Only the pictures are to be dropped; return all other data below exactly.

» Source material
+++++

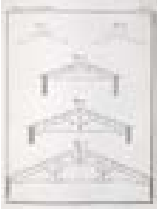
Abb. 4 Tafel 15 aus Band I der Istituzioni di architettura statica e idraulica von Cavalieri San- Bertolo zeigt italienische Pfettendachbinder, für die der Autor auch eine rechnerische Dimen- sionierungsmethode vorlegt.

weist ausdrücklich darauf hin, dass die Einhaltung der zulässigen Spannungen auch in den Anschlüssen und für lokale Pressungen nachgewiesen werden müsse: »In Holzkonstruktionen stützen sich gewisse Bauteile auf die Oberfläche anderer Bauteile oder sind dort eingezapft; somit übertragen sie nicht nur die Schnittgrößen des Systems, sondern üben auch lokale Pressungen aus, welche nach Überschreiten einer gewissen Grenze die Holzfasern beschädigen und eine bleibende Eindrückung sowohl im stützenden als auch in gestützten Bauteil hervorrufen. Solche Eindrückungen ändern die Form und die Abmessungen der Struktur und können kleine oder auch größere Änderungen des Beanspruchungszustands hervorrufen. Um diese Unannehmlichkeit zu vermeiden, muss man unbedingt darauf achten, das Holz keinen derart starken Pressungen zu unterwerfen, dass seine Härte überschritten wird.« 41 Dennoch werden bei der Nachrechnung der italienischen Binder alle statischen Nachweise nur für den Vollholzquerschnitt der Balken geführt. Abschließend kommt Cavalieri San-Bertolo zum Schluss, dass die üblichen Pfettendachbinder (Rofenabstand maximal 32 Zentimeter, Pfettenabstand weniger als 1,20 Meter, Binderabstand kleiner als 5,60 Meter) in der Regel standsicher seien, wenn auch nicht mit üppigen Reserven. Als Schwachstelle werden die Pfetten identifiziert: »Somit wäre es gefährlich, die Pfettenabstände zu erhöhen, ohne gleichzeitig die Binderabstände
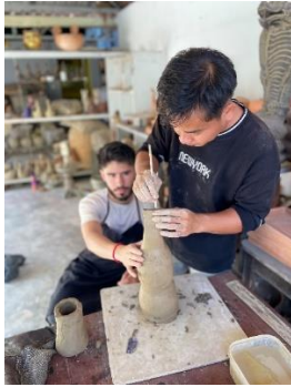
Séance de travail, Morodok, Siem Reap, Cambodge / Working session, Morodok, Siem Reap, Cambodia, IDE TO CAMBODIA, 2022
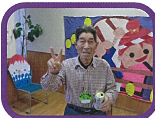
☆7月13日(日) 第11回あんじゅ音更夏祭り

+++++

» Answer below
Abb. 4 Tafel 15 aus Band I der Istituzioni di architettura statica e idraulica von Cavalieri San- Bertolo zeigt italienische Pfettendachbinder, für die der Autor auch eine rechnerische Dimen- sionierungsmethode vorlegt.

weist ausdrücklich darauf hin, dass die Einhaltung der zulässigen Spannungen auch in den Anschlüssen und für lokale Pressungen nachgewiesen werden müsse: »In Holzkonstruktionen stützen sich gewisse Bauteile auf die Oberfläche anderer Bauteile oder sind dort eingezapft; somit übertragen sie nicht nur die Schnittgrößen des Systems, sondern üben auch lokale Pressungen aus, welche nach Überschreiten einer gewissen Grenze die Holzfasern beschädigen und eine bleibende Eindrückung sowohl im stützenden als auch in gestützten Bauteil hervorrufen. Solche Eindrückungen ändern die Form und die Abmessungen der Struktur und können kleine oder auch größere Änderungen des Beanspruchungszustands hervorrufen. Um diese Unannehmlichkeit zu vermeiden, muss man unbedingt darauf achten, das Holz keinen derart starken Pressungen zu unterwerfen, dass seine Härte überschritten wird.« 41 Dennoch werden bei der Nachrechnung der italienischen Binder alle statischen Nachweise nur für den Vollholzquerschnitt der Balken geführt. Abschließend kommt Cavalieri San-Bertolo zum Schluss, dass die üblichen Pfettendachbinder (Rofenabstand maximal 32 Zentimeter, Pfettenabstand weniger als 1,20 Meter, Binderabstand kleiner als 5,60 Meter) in der Regel standsicher seien, wenn auch nicht mit üppigen Reserven. Als Schwachstelle werden die Pfetten identifiziert: »Somit wäre es gefährlich, die Pfettenabstände zu erhöhen, ohne gleichzeitig die Binderabstände
Séance de travail, Morodok, Siem Reap, Cambodge / Working session, Morodok, Siem Reap, Cambodia, IDE TO CAMBODIA, 2022
☆7月13日(日) 第11回あんじゅ音更夏祭り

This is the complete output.